I noticed that the task rake assets:precompile requires a database connection: this means that the task can only be run at “run time” (after deployment) as opposed to “build time” (while building the container image). Since the task is very expensive in terms of running time, this can be annoying.
Not being a Ruby/Rails developer, I did some research and found that this behavior could be disabled until Rails 4, and afterwards developers have been resorting to some hacks (null database connection). The latter of course requires intimate knowledge of the application, in order to avoid breaking anything.
While searching for a better solution I found this commit which seems similar in spirit. So my questions are:
are the developers already working on the matter, or are there technical reasons why this cannot be done?
if some parts of the task indeed require the database connection, would it be feasible to split the task into two (or more), so that some work (e.g. compiling locales, minifying JS and CSS) can be done at build time?
is there a known workaround at this moment (e.g. “null database” as mentioned above)?
We store the themes in the database (they are edited in the admin UI) so the CSS is inside PostgreSQL so you need the database connection at build time to be able to precompile those.
Would it be thinkable to implement the build of locales separately (to be run at build time)?
Also, I can imagine that some environments (it is so for me at least) might not want to allow changing themes: would it be possible to provide an alternative storage for CSS in this case?
We did discuss the idea of a switch that would disable the whole Customization UI, allowing the CSS files to be compiled in build time and uploaded to object storage during build (aka the same as the JS core / plugins).
However, that is a very niche case, that would only appeal to enterprise-y deployments while providing zero value to 99% of the communities on the web. So that isn’t in our roadmap and it is a pretty hard sell to put work on this over developing new features or performance work.
Can you tell us more about your environment and use case?
Good to know that the idea has already been discussed. I do understand that the amount of work for the change is probably too large to be justifiable.
In my case, discourse will be associated to a pre-existing website, so there will be a fixed custom theme to match the one of the website: it would not make sense to change it dynamically.
Oh: well, when I build the image, I work on my development laptop. The image is then pushed to a repository, and the final system (VPS on DigitalOcean) pulls it from there.
The database sits in a volume on the VPS, so it cannot be updated on my laptop: this would require me to stop discourse, rsync the database to my laptop, build and push the image, and finally restart discourse…
So you are running the database and the application all inside one droplet?
In that case sticking with our official install guide, which results in a droplet with application and database in the same droplet will give you a fully functional site, that can be updated from the web interface and optionally from the command line with a full image rebuild.
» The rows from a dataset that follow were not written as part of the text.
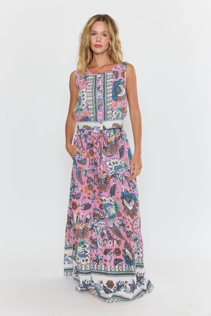 The Farrah Tiered Maxi Skirt brings effortless charm to your wardrobe. Its flowing tiers create a playful silhouette that moves with you, perfect for pairing with a crisp white shirt or the breezy Farrah tank top. Whether you're dressing up or keeping it casual, this skirt adds a touch of fun and femininity to any look.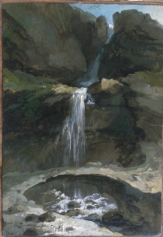 Caspar Wolf. 'Cataratas Geltenbach en el valle de Lauenen con un puente de hielo', hacia 1778. Óleo sobre cartón.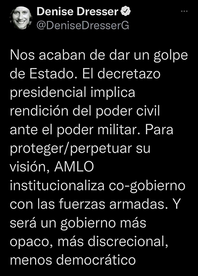 Denise hoy ataca,no veo otra cosa en sus “informaciones columneras”,a Amlo por el “decretazo” que según ella y otros “conocidos” aduladores de los criminales sexenales del “prianato”,en los pinos,ven en esto un ataque–“golpe de estado”,le llama–a la democracia……..¡POR DIOS,Denise!…¿Cual democracia,cuando ha habido esta?..Por favor ILUMINANOS, y dejanos saber cuando esto sucedio de que México,antes de Amlo,tuviese “democracia”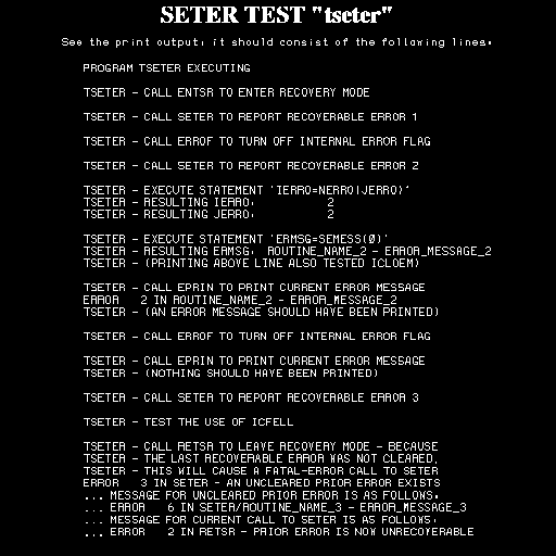 error), SETER prints the error message MESSG, calls FDUM, and STOPs.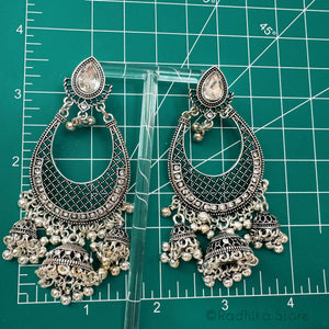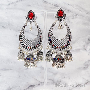 Beautiful, Large Vedic Style Jhumka, earrings. Silver color. Choose stone color. Light weight for their size. Lots of movement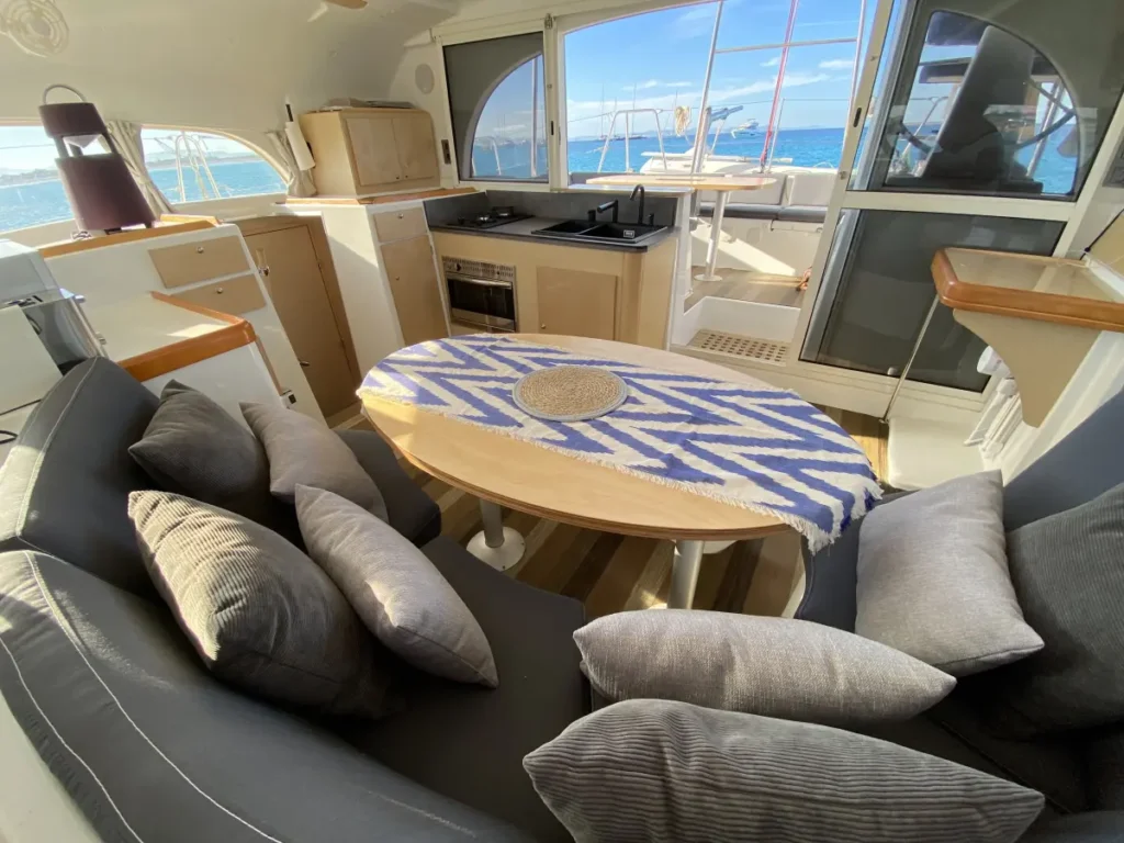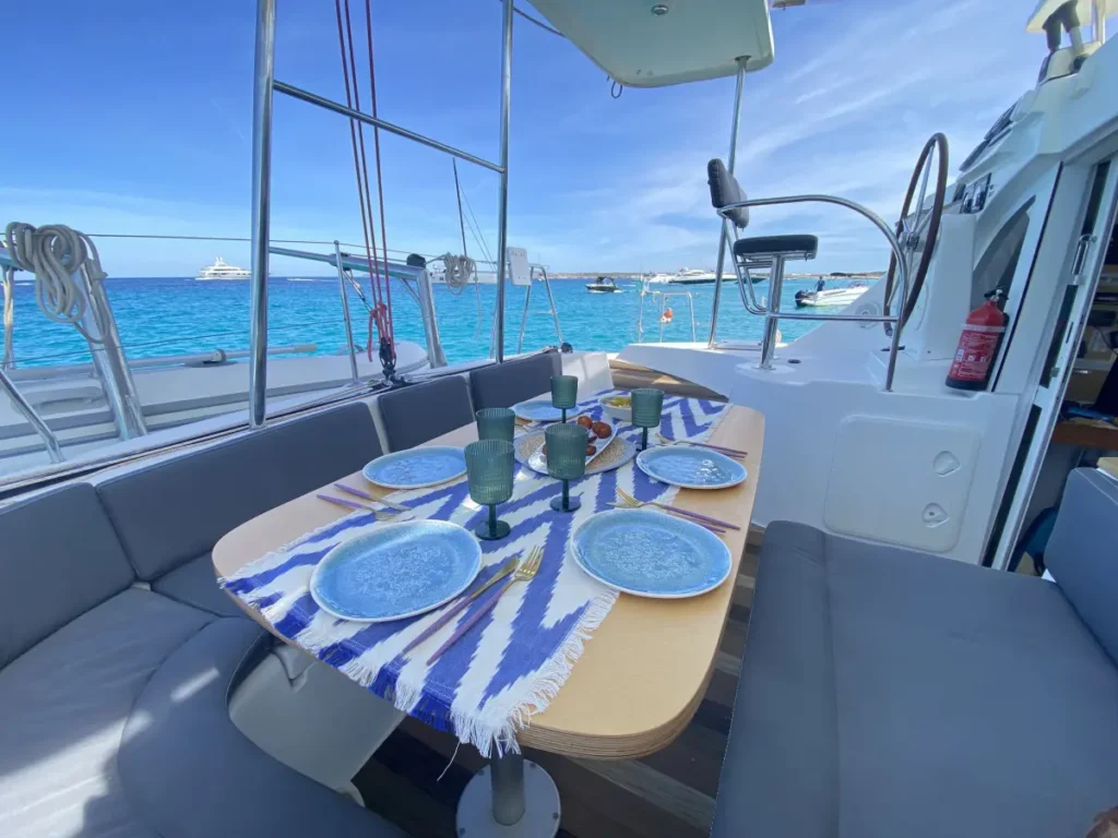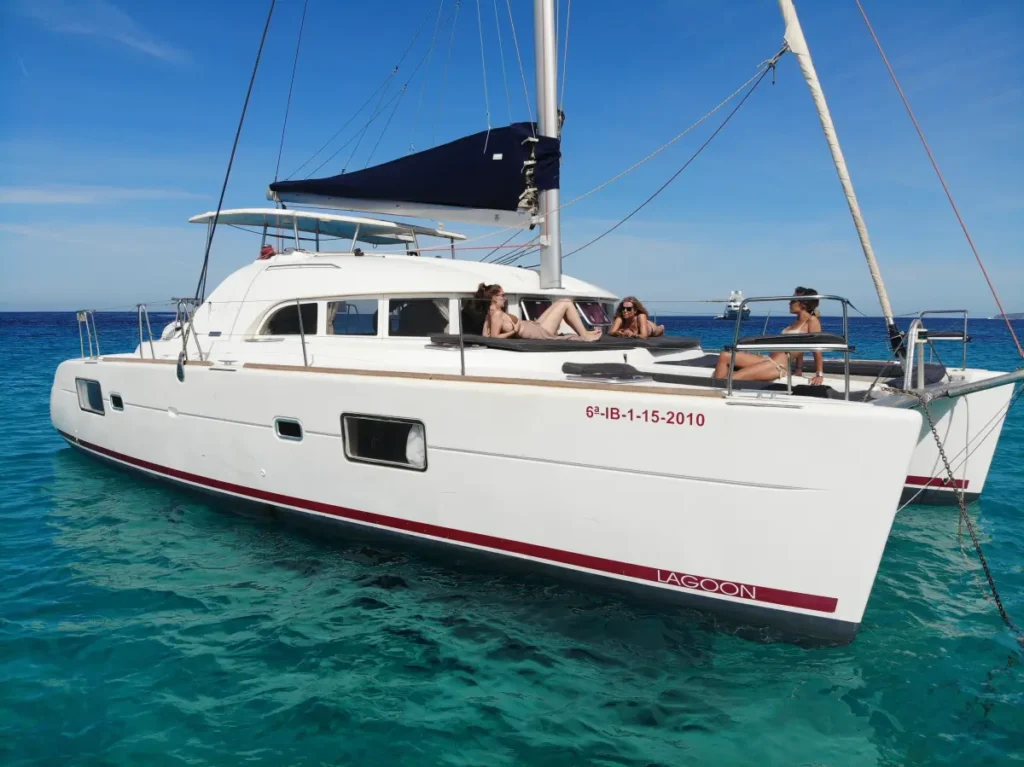 Die Lagoon 380 ist ein geräumiger und komfortabler 12-Meter-Katamaran mit einer Breite von 6,5 Metern, ideal für sicheres und stabiles Segeln. Mit zwei Yanmar-Motoren von je 27 PS bietet sie eine ruhige und effiziente Fahrt. Mit Platz für 11 Gäste am Tag und bis zu 8 Übernachtungsgäste ist sie perfekt für Gruppen, die die kristallklaren Gewässer von Ibiza und Formentera mit maximalem Komfort erkunden möchten.

If by this you mean “directly on the host”, then no. They are running in a container, specifically a podman container. Ideally, I would split the container into multiple ones (one for discourse, one for postgres, one for redis…) but this connects with the issue that we are discussing, so I am still unsure on the proper course of action.
Seems unsafe to me. I generally test the containers in my development environment before deploying to production. Further, ideally containers should be read-only.
You can split those containers and then run the image bootstrap process in another, short-lived droplet. Since droplets are charged hourly that will be cheap. You can even leverage droplet private networking between the database container host and the “build” container host.
Hehe, thank you for the idea, but that starts to be complicated. Furthermore, it wont solve the problem, because we still have to stop discourse and wait for the bootstrap process, or there might be inconsistent data.
Seems like we will need to live with a long downtime (5-6 minutes for migration and precompilation) on upgrade. Still, I would appreciate if you guys could keep a low-priority issue in the tracker, maybe with a link to this topic.
Good to know, thank you. In this case, I will definitely split the containers, which is a better architecture anyway.
However, I fail to see how this makes a difference? If I am not mistaken, all containers will share all host CPUs (unless configured otherwise), so processes should be run in parallel in both cases. Am I missing something?
Your old container will be running while the new one is bootstrapping. Then you can quickly switch off the old one and start the new one, so downtime will be shorter.